After locating "Tinta azul brillante" in the listing below, copy that line and each one after it exactly, ending with the line that has "首先看上期回顾,双色球202".

## Exercise material
»»

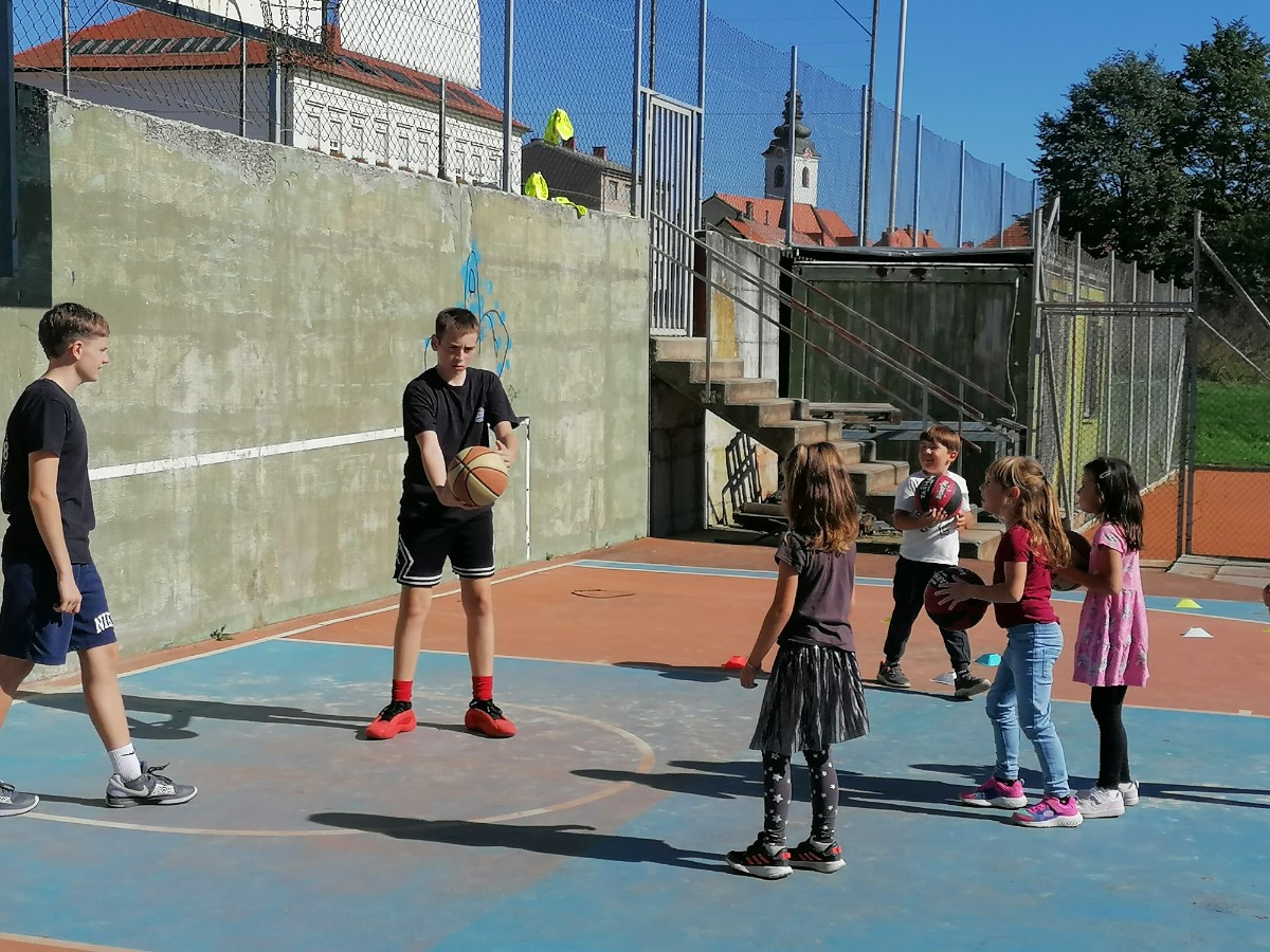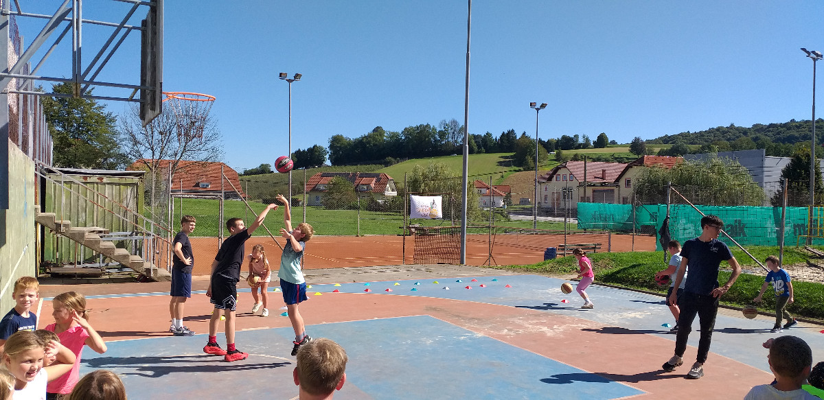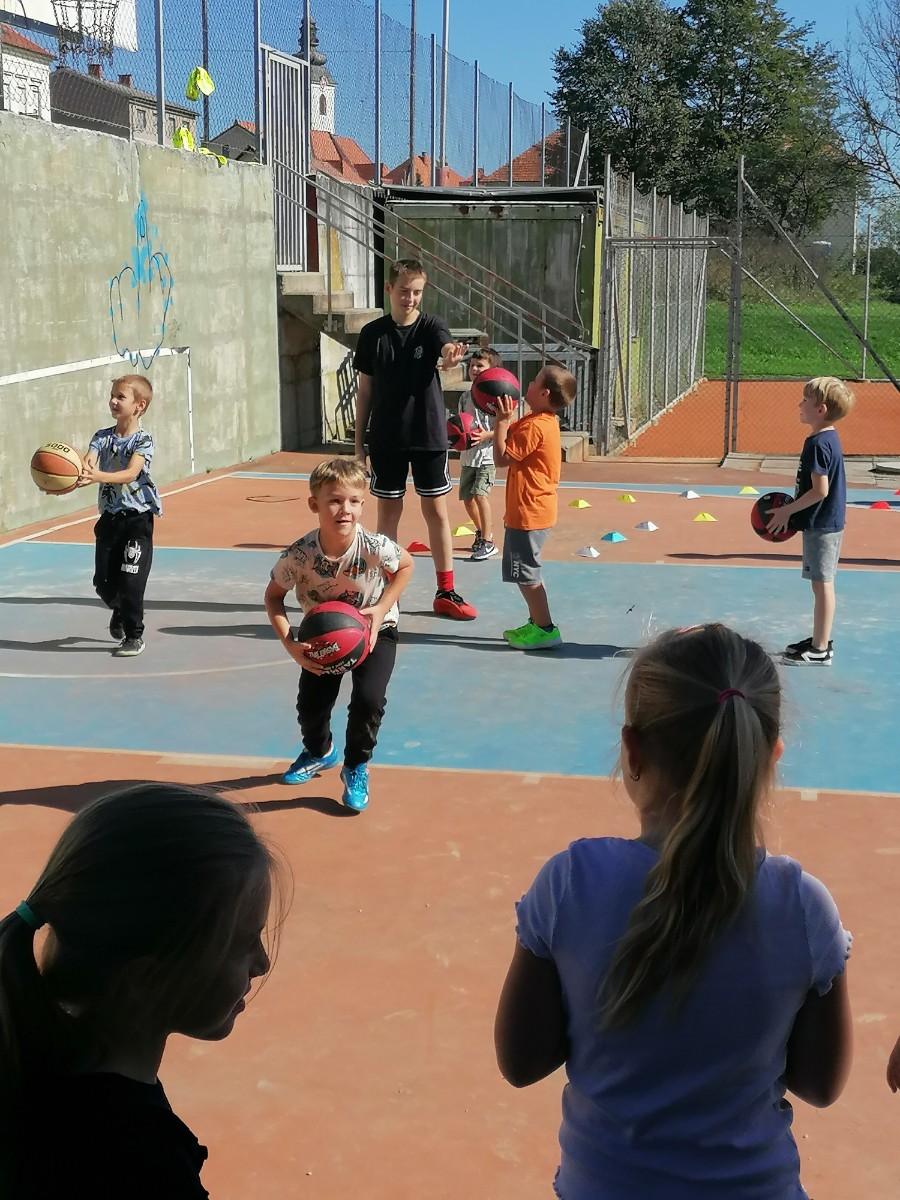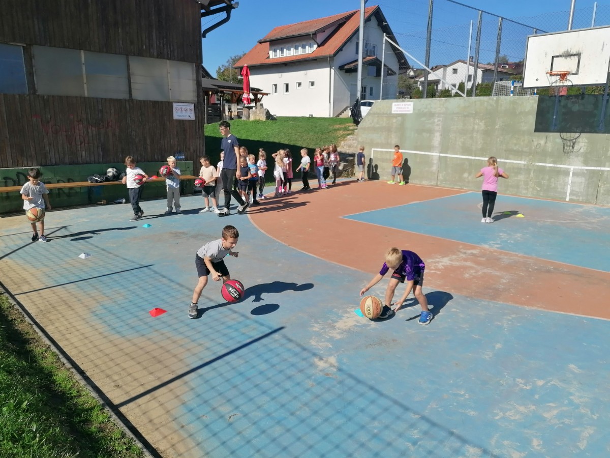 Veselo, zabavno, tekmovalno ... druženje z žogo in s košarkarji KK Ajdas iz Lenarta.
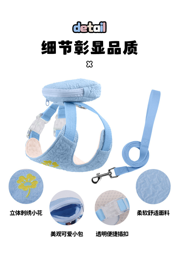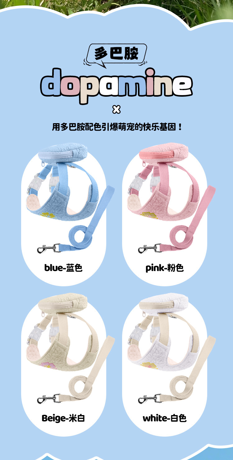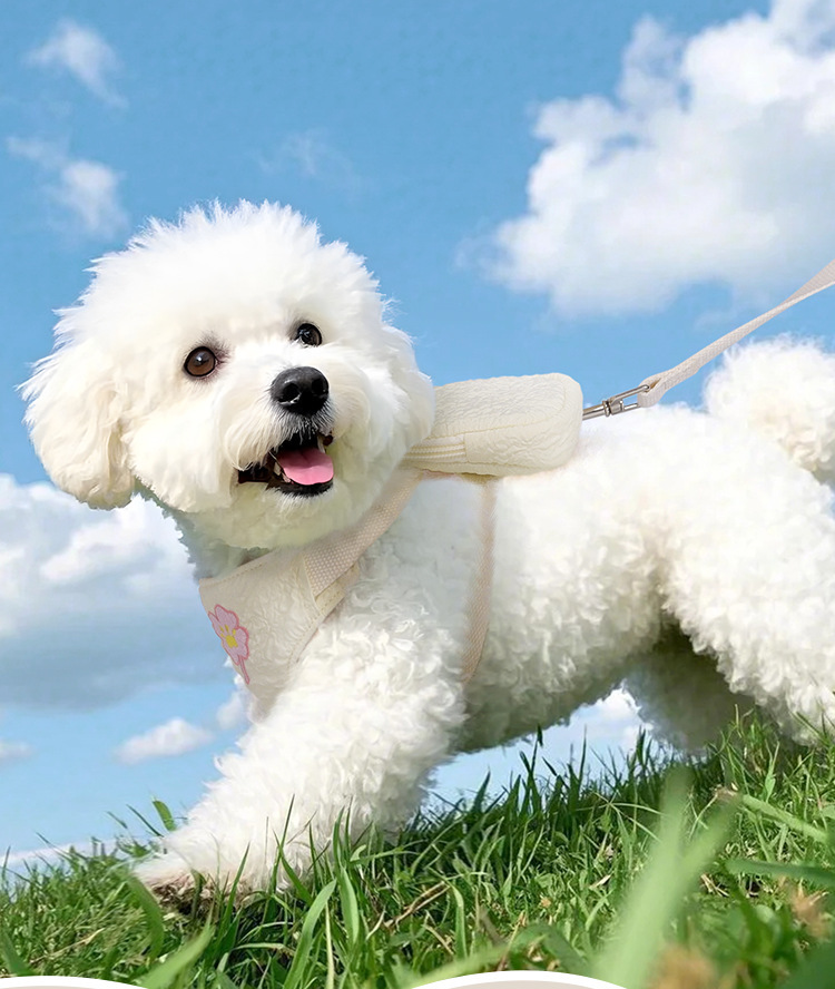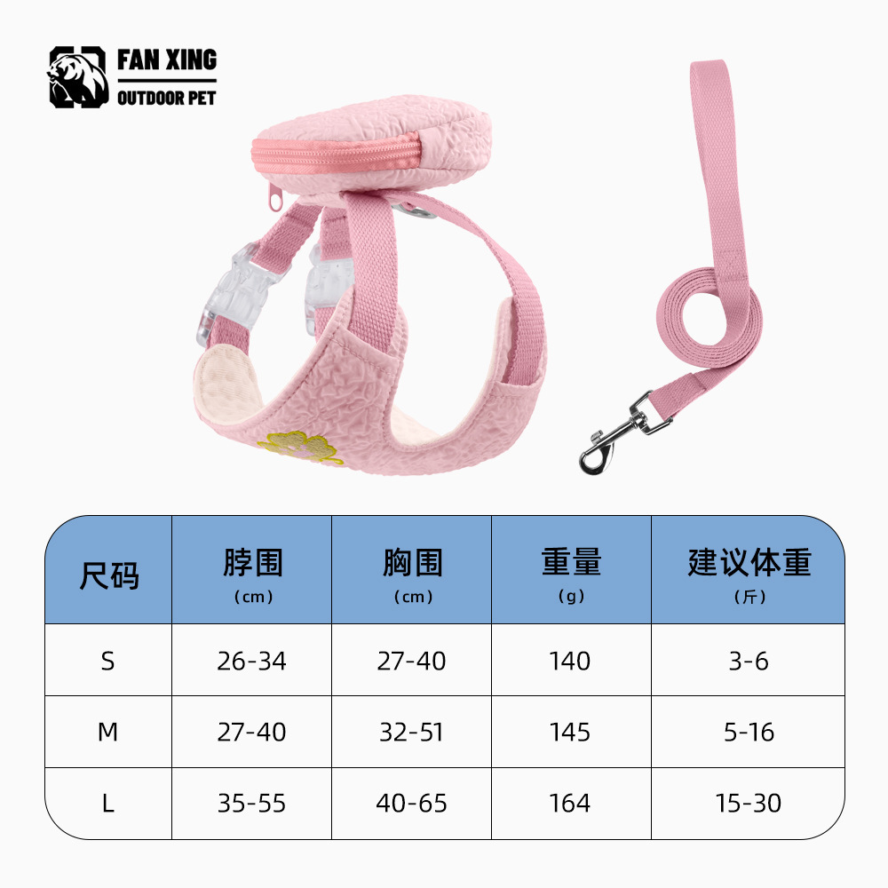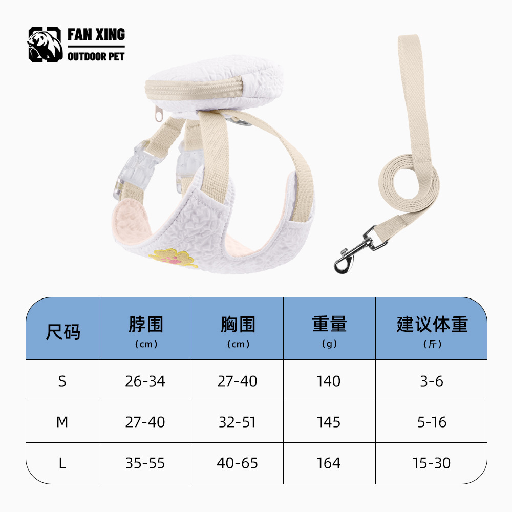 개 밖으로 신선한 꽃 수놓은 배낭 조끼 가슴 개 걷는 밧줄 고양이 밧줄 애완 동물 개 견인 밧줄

««
»»

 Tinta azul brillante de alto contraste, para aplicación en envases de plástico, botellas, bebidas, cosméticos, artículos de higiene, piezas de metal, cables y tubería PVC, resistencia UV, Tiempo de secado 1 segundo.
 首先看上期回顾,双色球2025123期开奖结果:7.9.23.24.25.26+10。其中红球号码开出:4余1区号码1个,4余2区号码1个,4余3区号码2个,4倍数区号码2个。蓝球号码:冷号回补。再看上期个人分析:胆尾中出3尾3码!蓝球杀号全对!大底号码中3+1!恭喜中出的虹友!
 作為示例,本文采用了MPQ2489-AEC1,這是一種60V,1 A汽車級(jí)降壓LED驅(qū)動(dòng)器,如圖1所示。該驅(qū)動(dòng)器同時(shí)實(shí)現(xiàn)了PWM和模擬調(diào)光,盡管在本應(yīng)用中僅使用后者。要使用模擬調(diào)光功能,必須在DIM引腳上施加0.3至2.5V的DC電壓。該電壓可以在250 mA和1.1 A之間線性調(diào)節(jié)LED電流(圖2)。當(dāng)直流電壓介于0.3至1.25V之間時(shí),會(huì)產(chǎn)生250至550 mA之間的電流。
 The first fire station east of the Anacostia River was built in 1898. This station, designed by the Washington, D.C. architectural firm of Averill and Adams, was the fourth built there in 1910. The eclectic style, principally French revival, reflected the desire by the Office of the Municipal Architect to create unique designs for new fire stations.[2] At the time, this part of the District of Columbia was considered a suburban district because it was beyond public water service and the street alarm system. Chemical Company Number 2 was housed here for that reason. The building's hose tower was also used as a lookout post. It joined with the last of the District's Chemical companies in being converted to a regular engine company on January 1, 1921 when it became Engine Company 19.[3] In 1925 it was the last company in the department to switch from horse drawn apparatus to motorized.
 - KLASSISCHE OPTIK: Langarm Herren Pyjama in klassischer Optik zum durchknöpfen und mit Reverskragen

««

## Task output
 Tinta azul brillante de alto contraste, para aplicación en envases de plástico, botellas, bebidas, cosméticos, artículos de higiene, piezas de metal, cables y tubería PVC, resistencia UV, Tiempo de secado 1 segundo.
 首先看上期回顾,双色球2025123期开奖结果:7.9.23.24.25.26+10。其中红球号码开出:4余1区号码1个,4余2区号码1个,4余3区号码2个,4倍数区号码2个。蓝球号码:冷号回补。再看上期个人分析:胆尾中出3尾3码!蓝球杀号全对!大底号码中3+1!恭喜中出的虹友!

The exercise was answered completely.